Inps: pensioni con arretrati a condannati mafia

Una sede dell'Istituto Nazionbale della Previdenza Sociale.
Una sede dell'Istituto Nazionbale della Previdenza Sociale. (ANSA)

ROMA.  – I condannati con sentenza passata in giudicato per terrorismo e mafia che non stanno scontando la pena in carcere ma in una situazione di detenzione alternativa (arresti domiciliari, affidamento ai servizi social ecc) potranno chiedere all’Inps, la pensione sociale o altri ammortizzatori che erano stati revocati e avranno diritto anche ad ottenere gli arretrati.

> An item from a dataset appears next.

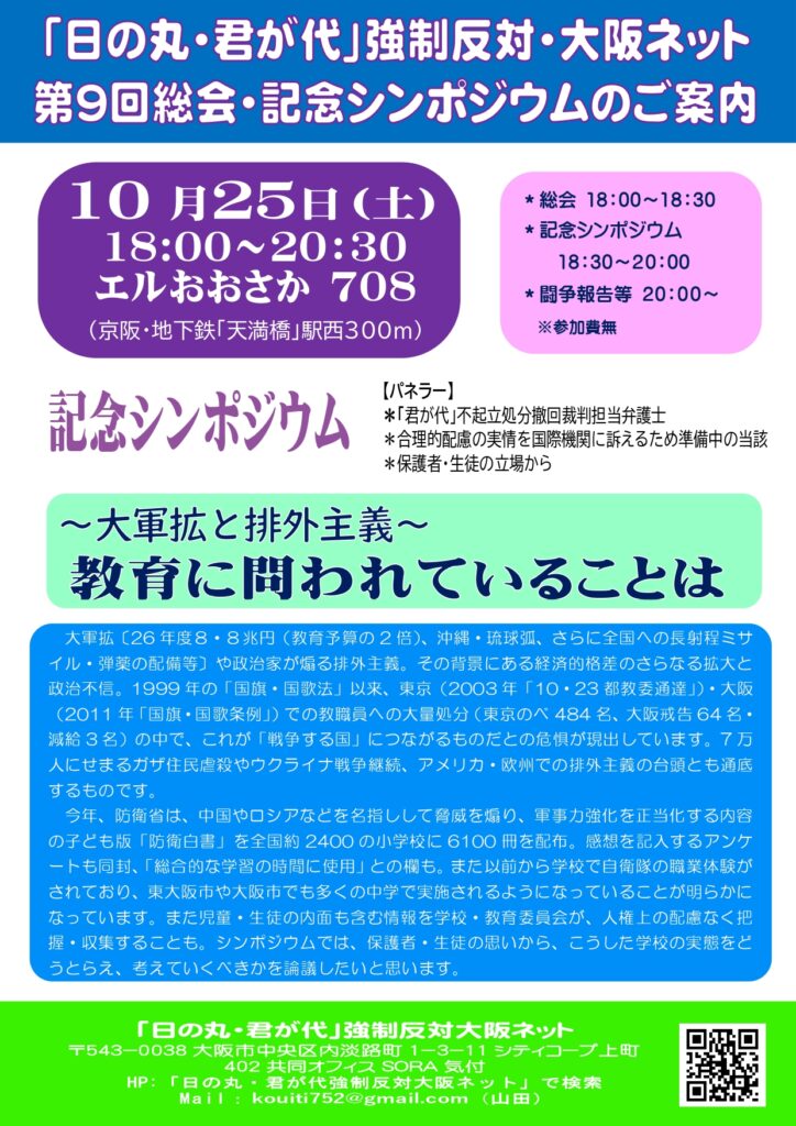 10月25日(土) 18:00~20:30             会場:エルおおさか 708                             *総会 18:00~18:30

Lo si legge in un messaggio dell’Inps che dà applicazione a una sentenza della Corte Costituzionale che ha dichiarato illegittimo l’articolo della legge 92/2012 che prevedeva la revoca delle prestazioni a fronte di condanne per mafia e terrorismo.

Si avrà diritto agli arretrati per “indennità di disoccupazione”, l’assegno sociale, la pensione sociale e la pensione agli invalidi civili dalla data della revoca della prestazione, per i periodi nei quali il titolare non scontava la pena in carcere.

“L’illegittimità della revoca, si legge nella sentenza della Corte numero 137 del 2021 riportata nel messaggio –  infatti, deriva dal pregiudizio al diritto all’assistenza per chi necessiti dei mezzi per sopravvivere, che deve essere comunque garantito a ciascun individuo, pur se colpevole di determinati reati”.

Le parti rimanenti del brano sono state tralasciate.